This is where we train and test our model

In [None]:
# Set the number of epochs
epochs = 3 # We use a small number to have faster training time.

# Create training and testing loop
for epoch in tqdm(range(epochs)): #tqdm visualises the progress of the loop
    print(f"Epoch: {epoch}\n")

    ### Training loop
    train_loss = 0

    for X, y in train_dataloader:
        # print(batch)
        model_0.train()

        # 1. Forward pass - calculation of the values of the output layers from the input data
        y_pred = model_0(X)

        # 2. Calculate loss (per batch)
        loss = loss_fn(y_pred, y)
        train_loss += loss  # accumulate the loss per epoch

        # 3. For the Optimizer set gradients of all model parameters to zero
        optimizer.zero_grad()

        # 4. Loss backward - backpropagation (computes dloss/dx for every parameter)
        loss.backward()

        # 5. Optimizer step (performs a single optimization step - parameter update)
        optimizer.step()

    # Calculate the average loss per batch per epoch
    train_loss /= len(train_dataloader)

    ### Testing loop
    # Initialise the variables that will accumulate loss and accuracy
    test_loss, test_acc = 0, 0

    # Layers and parts of the model behave differently during training and inference
    model_0.eval()
    # Context manager that ensures the operations have no interactions with training characteristics e.g. gradient calculations
    with torch.inference_mode():
        for X, y in test_dataloader:
            # 1. Forward pass - calculation of the values of the output layers from the input data
            test_pred = model_0(X)

            # 2. Calculate the loss
            test_loss += loss_fn(test_pred, y)  # accumulate the loss per epoch

            # 3. Calculate the accuracy
            test_acc += accuracy_fn(y_true=y, y_pred=test_pred.argmax(dim=1)) # accumulate per epoch

        # Within the torch.inference_mode() calculate the metrics (test loss and test accuracy)
        test_loss /= len(test_dataloader) # per batch, as the len(test_dataloader) = no of batches
        test_acc /= len(test_dataloader) # per batch

    # Print out the train and the test loss, and the accuracy.
    # As the epochs progress the losses should be reducing and the accuracy increasing
    print(f"\nTrain loss: {train_loss:.4f} | Test loss: {test_loss:.4f}, Test acc: {test_acc:.2f}%\n")

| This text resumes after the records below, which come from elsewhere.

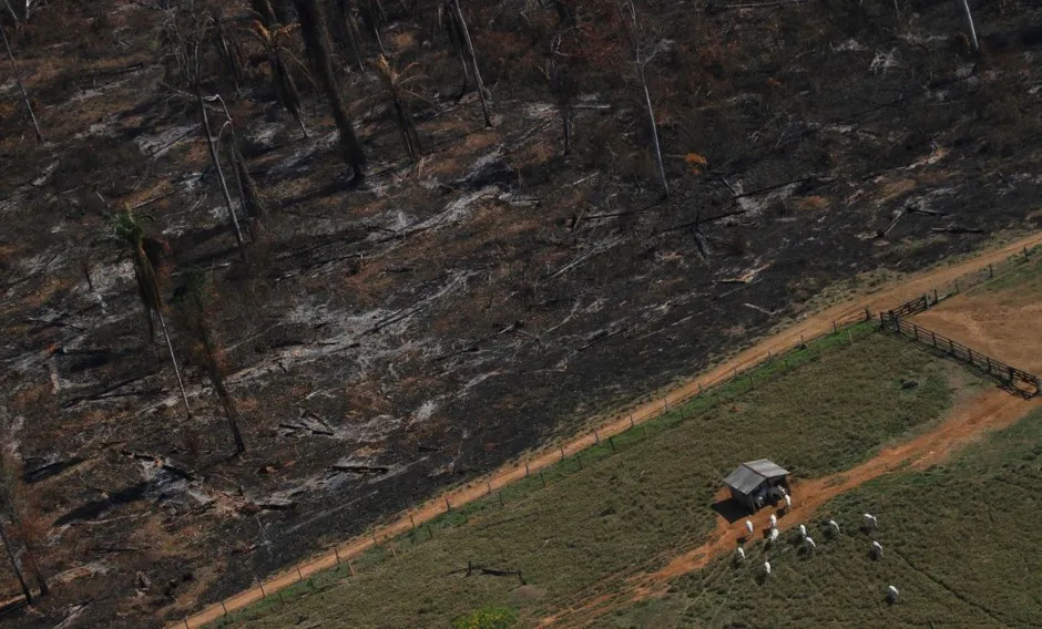 牛在2013年巴西诺沃普罗格雷索市附近的烧毁亚马逊雨林旁边吃草。纳乔·多塞/路透社想象一下一个面积相当于印度的平原,满是草、裸露的土壤和冒烟的植被残骸。这就是自1990年代初以来,人类因伐木、采矿、能源勘探、开发和其他破坏 景观破坏而赠予世界的。
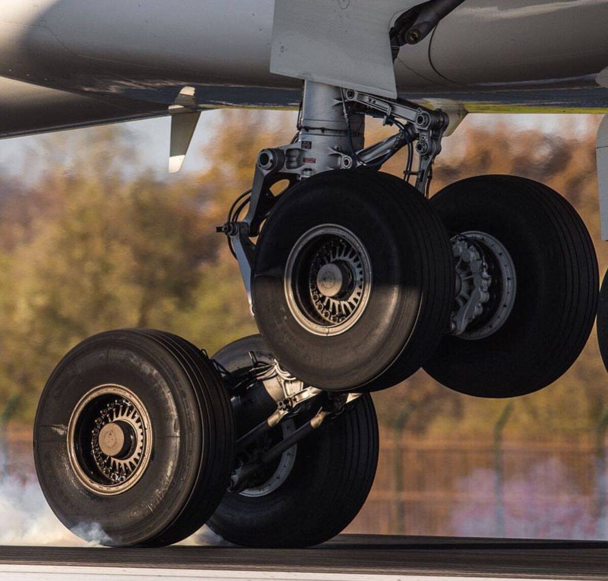 Эффект «размазывания»: колесо в момент касания не вращается. Его буквально «размазывает» по бетону на доли секунды, оставляя характерный черный след резины и клуб дыма. Затем оно резко раскручивается до скорости самолета. Этот момент — пиковая нагрузка.
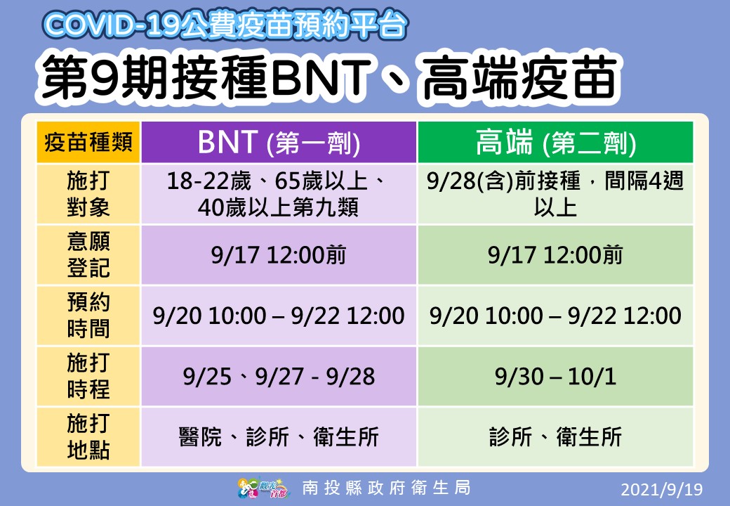 防疫宣傳 居家照護關懷手冊 防疫補助 勞工紓困 農漁畜牧 觀光紓困 企業紓困 租稅紓困 藝文紓困 中央各部會防疫專區 首頁 防疫宣傳 南投縣第9期接種BN... 南投縣第9期接種BNT、高端疫苗資訊 公佈單位:新聞及行政處 發佈日期:110/9/22

## Step 4. Make predictions

In [None]:
def make_predictions(model: torch.nn.Module, img: torch.Tensor, device: torch.device = device):
    pred_probs = []
    model.eval()
    with torch.inference_mode():
          # Prepare the sample image
          img = torch.unsqueeze(img, dim=0).to(device) # Add an extra dimension and send sample to device

          # Forward pass to get the predictions
          # The model outputs raw logits which are unnormalised and not easy to interpret
          pred_logit = model(img)
          # print(f"\nTrain loss: {pred_logit}") # Uncomment to see what the logits looks like

          # Get the prediction probabilities using Softmax
          pred_prob = torch.softmax(pred_logit.squeeze(), dim=0)

          # Remove the predictions from the GPU if you later want to apply additional calculations
          pred_probs.append(pred_prob.cpu())

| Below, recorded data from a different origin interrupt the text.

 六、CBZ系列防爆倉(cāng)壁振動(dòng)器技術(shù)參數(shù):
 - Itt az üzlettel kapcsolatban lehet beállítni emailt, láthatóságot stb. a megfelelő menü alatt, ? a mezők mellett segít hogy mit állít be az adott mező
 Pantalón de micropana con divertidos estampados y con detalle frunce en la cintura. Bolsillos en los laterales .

    # Stack the pred_probs to turn them into a tensor
    return torch.stack(pred_probs)

In [None]:
# Make predictions on test samples with the baseline model

# Get a random index for an image and select the image from the train_data
random_garment_idx = random.randint(0, len(train_data))
sample_image, ground_truth_label = train_data[random_garment_idx]

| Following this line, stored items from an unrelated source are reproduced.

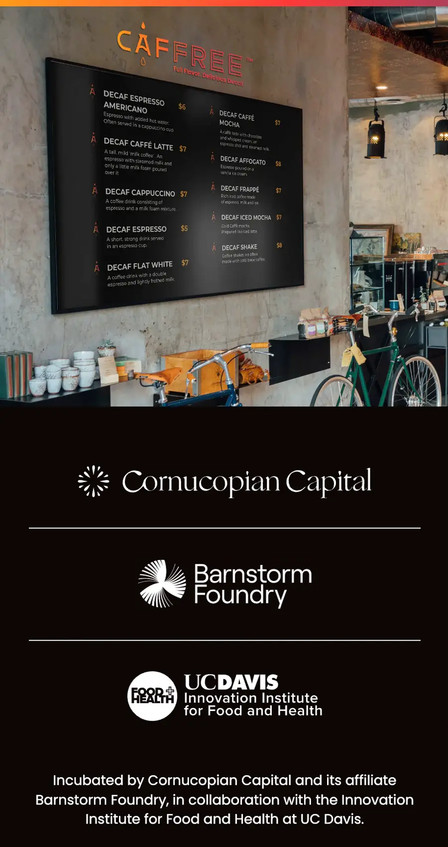 - A brag bar to show proof of quality. This one showcases the companies Caffree is a part of, including Cornucopian Capital, Barnstorm Foundry, and The UC Davis Innovation Institute for Food and Health.
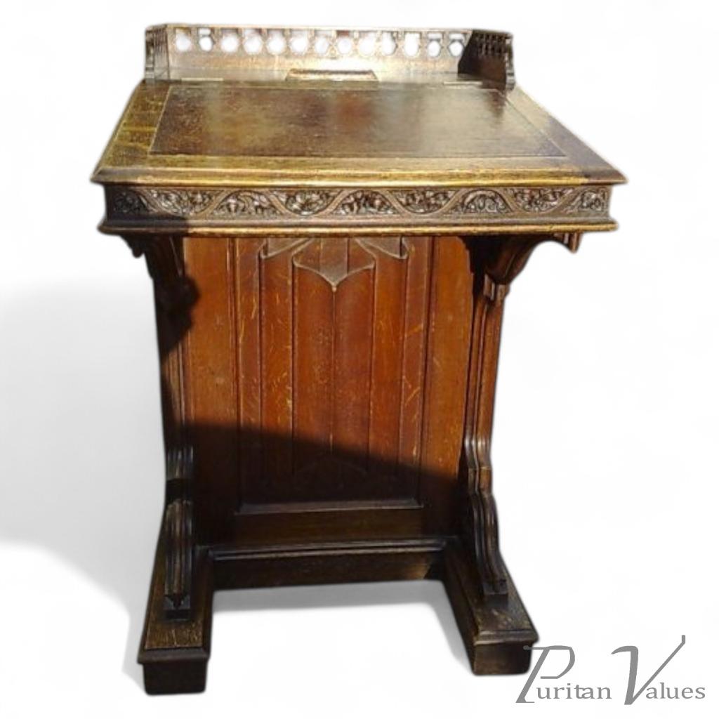 A Gothic Revival oak Davenport in the style of A.W.Pugin. The carving throughout this piece is exceptional, I particularly like the little acorn that has fallen leaving it's empty shell which can be seen in images 17, 18 and 19. The linenfold details are finely executed. The side cupboard door with further Linenfold detail opens to reveal four graduated drawers. Height 36", Depth 27", Width 22 3/4".
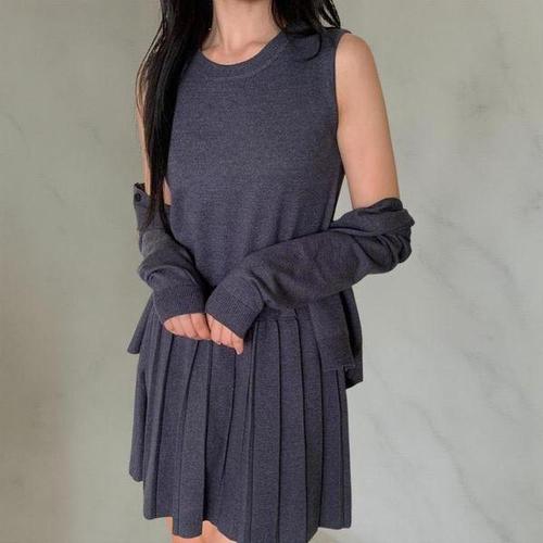 [옷자락]여성 민소매 플레어 벨트 미니 드레스 가디건 세트
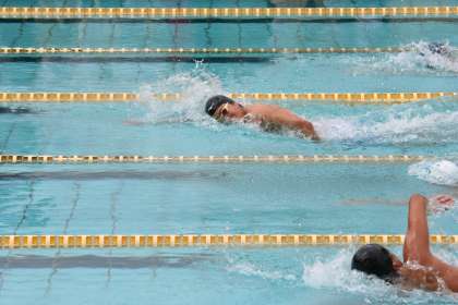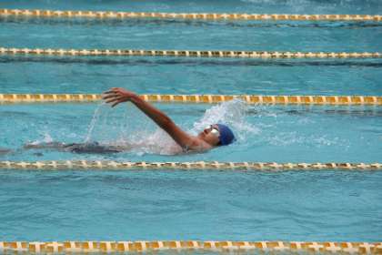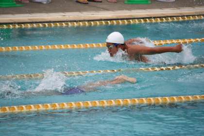 男子200メートル自由形では、最後の最後に追い抜かれて2位でした。惜しいなあ。
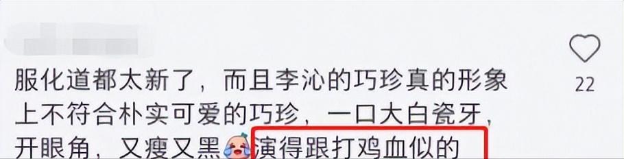 此外,还有一点不可忽视,那就是主演们的违和感,尤其是李沁。故意涂黑的脸上,一口白色烤瓷牙相当出戏。外形不符合时代特征不说,李沁的演技也受到了争议。不少观众一致觉得,李沁演得太用力了,通俗点讲就是“用力过猛”,反而适得其反。
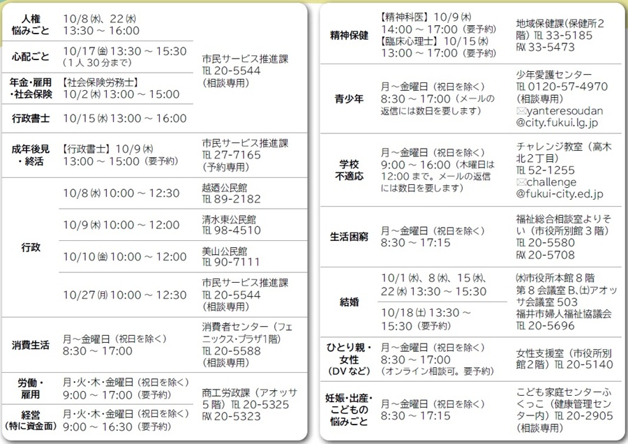 くらし 10月の無料相談 31/36 前の記事 次の記事 発行日 : 2025年10月01日 自治体名 : 福井県福井市 広報紙名 : 広報ふくい 2025年10月号 ※こどもの悩みごとは、毎日(火曜日除く)9:00~18:00に、こども家庭センター分室(アオッサ5階)でも受け付けます。 【電話】20-1541(相談専用) Tweet シェアする INFORMATION 福井市の情報-募集 10月の福井けいりん
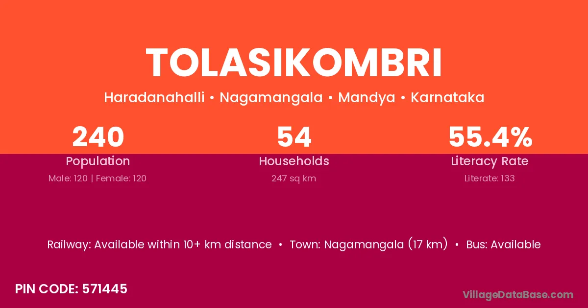 Nagamangala (17 km) is the nearest town to Tolasikombri village for major economic activities and is located approximately 17 km away.
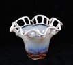 Elegant vintage vase with open lace rim and flowing opaline hues fading from white to soft blue and amber. Hand-blown with ruffled edge and polished base.

# Calculate the predicted probabilities by calling the `make_predictions` method that we previously defined
pred_probs = make_predictions(model=model_0, img=sample_image)

# Get the predicted class which is the one that had the highest probability
pred_class = pred_probs.argmax(dim=1)
print(f" The predicted class is: {pred_class.item()}, {class_names[pred_class.item()]}")

In [None]:
# Check what is the actual ground truth label.
# If it is the same as the predicted, the model had a correct prediction.
print(f" The actual class is: {ground_truth_label}, {class_names[ground_truth_label]}")

## Further improvements, additional steps and point to consider

- Save the model for further usage using `torch.save()` and saving the `state_dict()` of the model.

- Use functions for code re-usability

- Use more sophisticated NN architectures

- Use experiment tracking e.g. MLFlow

- Compare model performance for various models to select the best performing model

- Use pre-trained models + transfer learning + fine-tuning to make them more specific to the task of interest

- In deployment: track model performance over time, re-train